[[ ENTRIES SHOWN open ]]

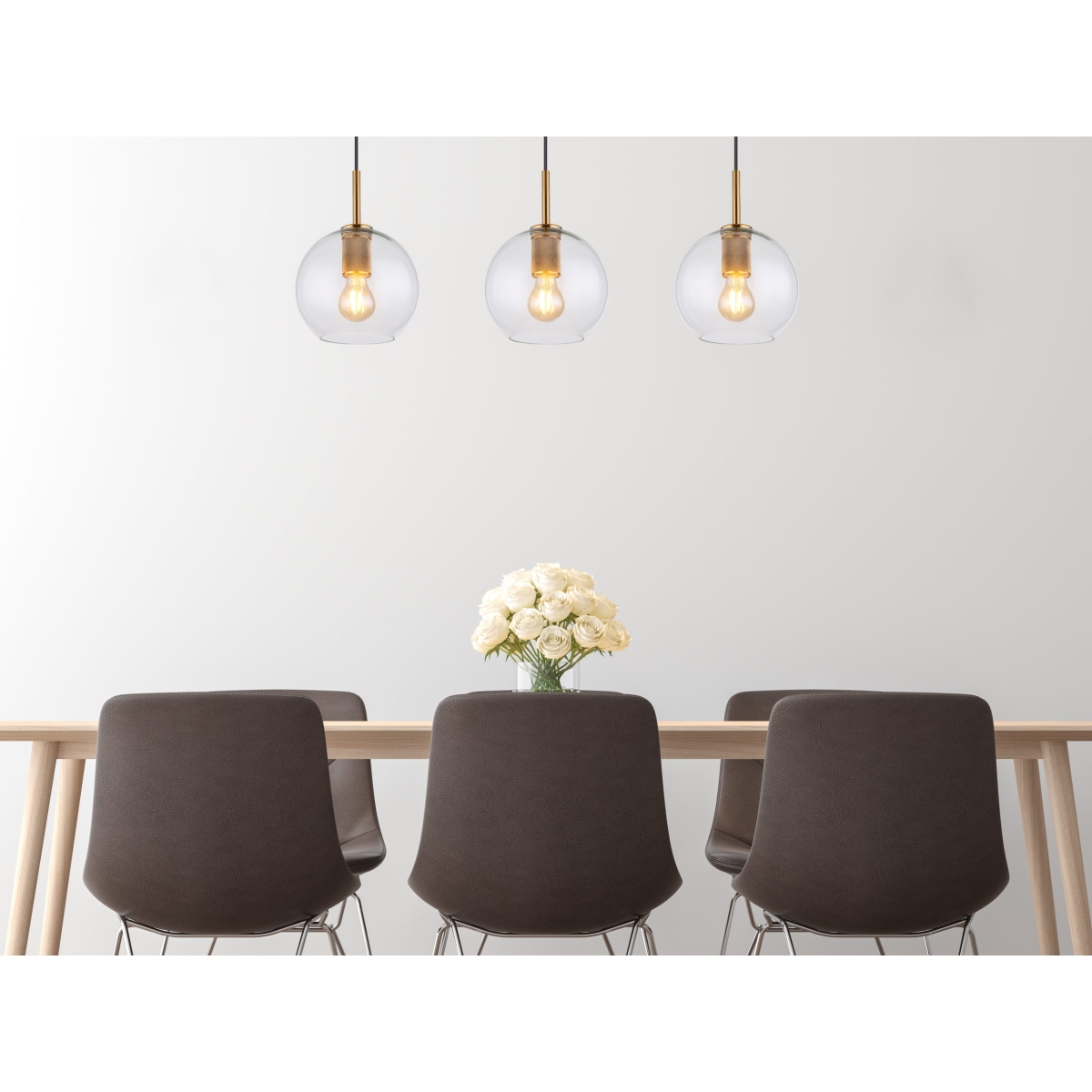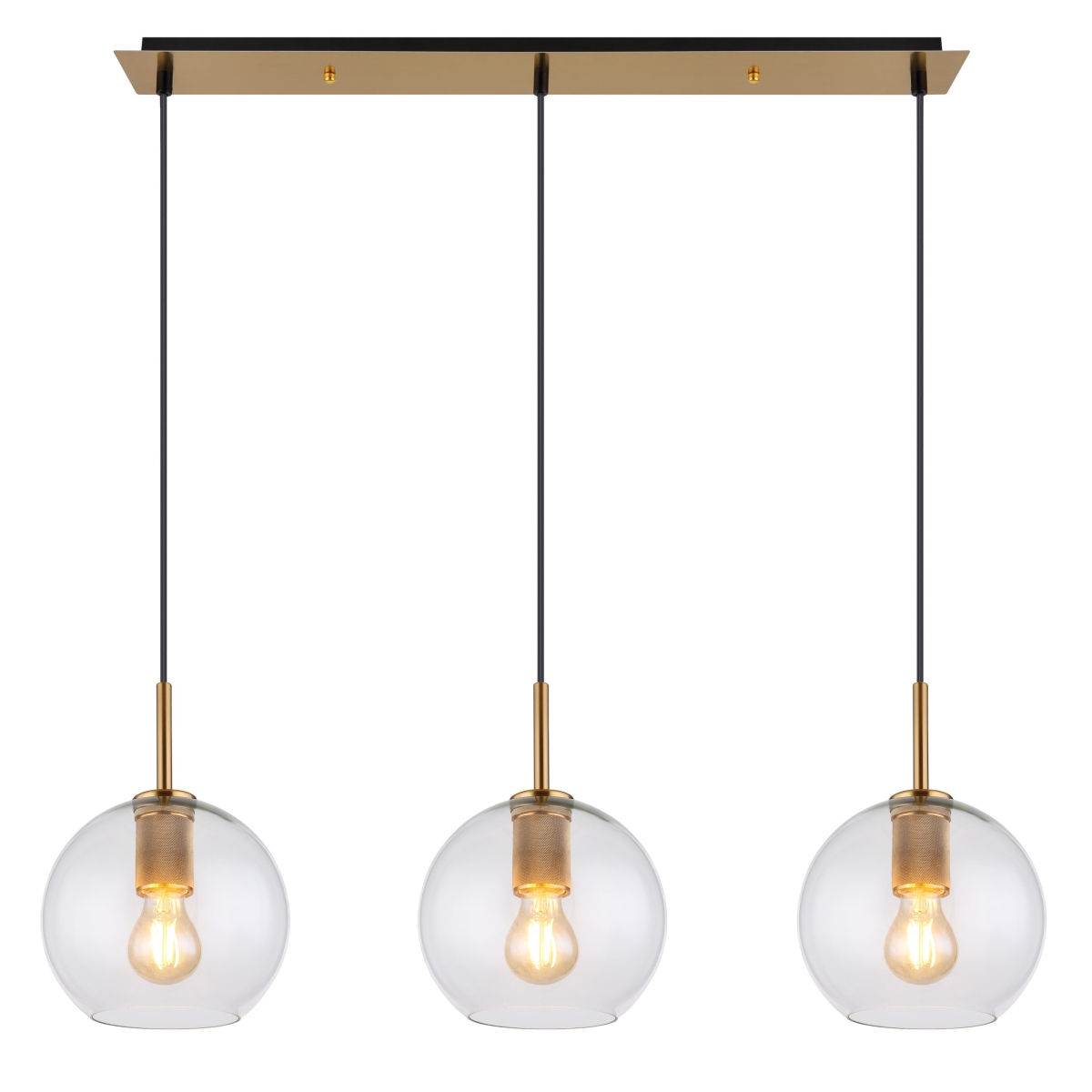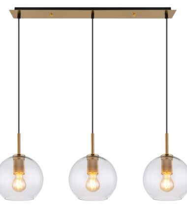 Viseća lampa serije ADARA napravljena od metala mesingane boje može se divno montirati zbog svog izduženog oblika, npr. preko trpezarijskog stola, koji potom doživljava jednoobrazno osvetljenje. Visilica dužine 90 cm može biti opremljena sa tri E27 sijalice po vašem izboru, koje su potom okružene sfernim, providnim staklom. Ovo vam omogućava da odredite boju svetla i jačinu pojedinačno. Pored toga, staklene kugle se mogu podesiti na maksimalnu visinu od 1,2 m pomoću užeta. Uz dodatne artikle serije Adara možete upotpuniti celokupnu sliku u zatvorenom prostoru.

[[ ENTRIES SHOWN closed ]]
[[ ENTRIES SHOWN open ]]

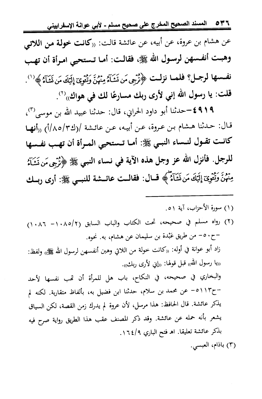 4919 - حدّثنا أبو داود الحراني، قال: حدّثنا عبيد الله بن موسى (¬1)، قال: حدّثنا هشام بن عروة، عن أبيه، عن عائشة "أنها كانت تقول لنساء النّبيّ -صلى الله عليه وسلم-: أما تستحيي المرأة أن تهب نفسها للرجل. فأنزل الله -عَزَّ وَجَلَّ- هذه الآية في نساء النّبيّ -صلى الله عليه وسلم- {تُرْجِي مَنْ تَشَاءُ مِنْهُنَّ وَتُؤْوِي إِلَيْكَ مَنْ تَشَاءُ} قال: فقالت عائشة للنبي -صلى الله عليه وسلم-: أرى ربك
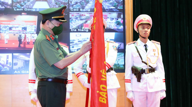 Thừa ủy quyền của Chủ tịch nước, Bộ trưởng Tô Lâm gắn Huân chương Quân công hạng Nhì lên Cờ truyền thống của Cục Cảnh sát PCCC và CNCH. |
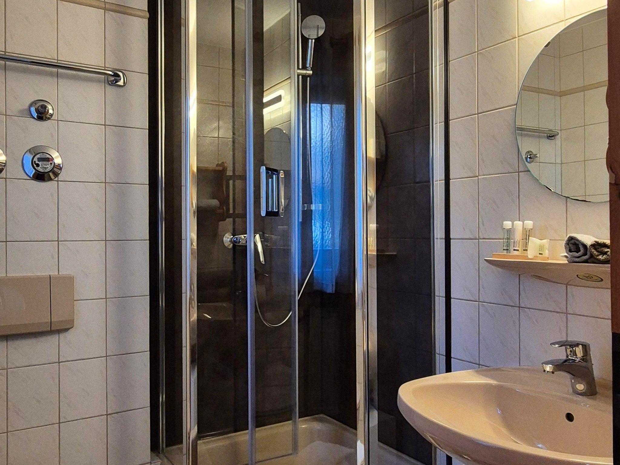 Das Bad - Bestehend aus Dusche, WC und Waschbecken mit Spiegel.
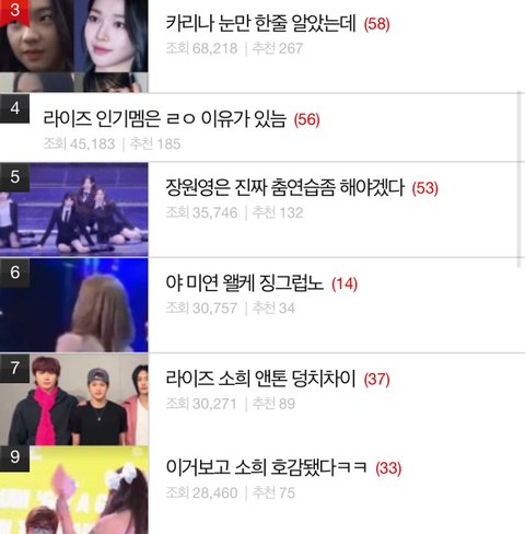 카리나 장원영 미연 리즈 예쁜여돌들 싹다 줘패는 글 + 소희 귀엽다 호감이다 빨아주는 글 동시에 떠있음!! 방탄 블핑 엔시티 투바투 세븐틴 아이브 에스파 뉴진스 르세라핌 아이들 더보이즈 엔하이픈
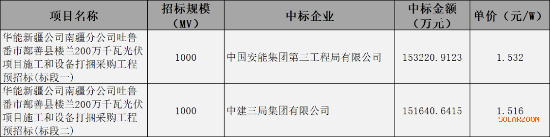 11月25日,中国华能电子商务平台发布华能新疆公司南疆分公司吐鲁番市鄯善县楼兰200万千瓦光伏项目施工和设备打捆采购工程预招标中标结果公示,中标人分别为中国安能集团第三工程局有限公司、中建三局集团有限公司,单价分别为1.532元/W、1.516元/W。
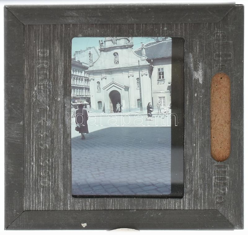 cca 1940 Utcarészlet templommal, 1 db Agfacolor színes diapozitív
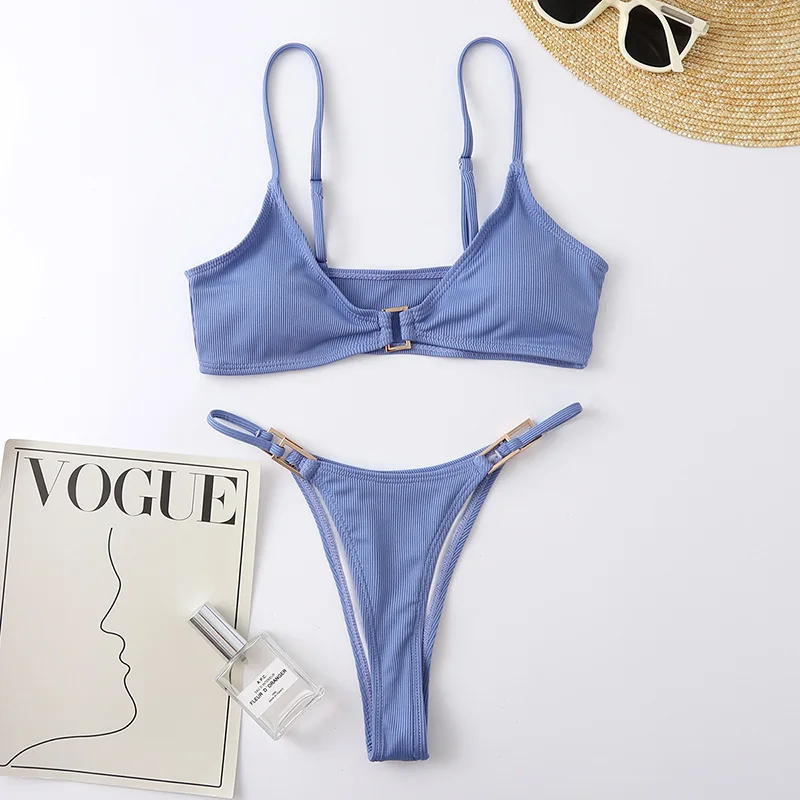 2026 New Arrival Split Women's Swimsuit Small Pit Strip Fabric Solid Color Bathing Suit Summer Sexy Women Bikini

[[ ENTRIES SHOWN closed ]]

[WORK TASK]
Only one stretch of the listing above is to be duplicated: the lines from the one containing "cca 1940 Utcarészlet" through the one containing "2026 New Arrival", both included. Copy them exactly, minus the pictures.

[SOLUTION TO THIS EXERCISE]
 cca 1940 Utcarészlet templommal, 1 db Agfacolor színes diapozitív
 2026 New Arrival Split Women's Swimsuit Small Pit Strip Fabric Solid Color Bathing Suit Summer Sexy Women Bikini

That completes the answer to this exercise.